ByteDance is in advanced talks to secure an offshore loan of about $20 billion, marking its biggest-ever borrowing as the company intensifies investment in artificial intelligence. The fund is designated for expanding AI data centers, developing advanced chips, enhancing chip design, and strengthening networking infrastructure critical for AI operations.

This proposed credit facility, distinct from refinancing past debt, would span three years with an option to extend to five, reflecting ByteDance’s urgent need to support multiple facets of AI development simultaneously. The amount more than doubles its earlier $10.8 billion global loan raised this year, which was previously the largest dollar loan in Asia outside Japan and involved over 20 lenders.

The move illustrates how ByteDance is shifting from a predominantly software-driven model toward heavy capital expenditures typical of industrial tech firms. Reports indicate the company anticipates spending up to $70 billion by 2026 on AI infrastructure alone, including data centers. Meanwhile, planned purchases of Nvidia AI chips are expected to reach about $14 billion in 2026, a significant increase from previous years.

To secure its supply chain amid U.S. export restrictions on advanced semiconductor technology, ByteDance is diversifying chip suppliers. It is reportedly negotiating with Qualcomm for chip-design services and has engaged with Shanghai-based Iluvatar CoreX and Baidu as potential providers of AI inference chips. This strategy aims to mitigate risks from geopolitical and trade constraints that challenge Chinese tech firms’ access to cutting-edge components.
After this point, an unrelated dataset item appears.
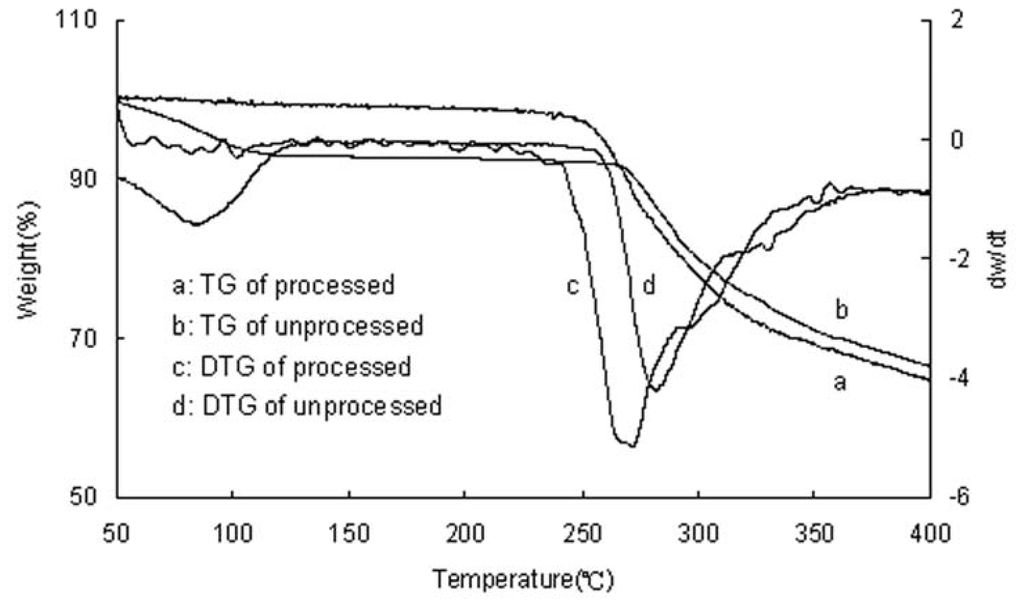 Thermal gravimetric/TG/DTG patterns of unprocessed and processed taxifolin (processed taxifolin is the micronized taxifolin precipitated from ethanol under optimum condition, trial no. 11 in Table 1).

ByteDance has also rolled out AI-driven products such as its Doubao chatbot, which launched a paid subscription recently and serves over 300 million monthly active users, making it one of China’s top AI apps. The new loan would provide ByteDance with greater financial flexibility to bolster AI ventures without immediately resorting to equity issuance, yet it raises considerations about debt levels and return on investment as AI spending intensifies.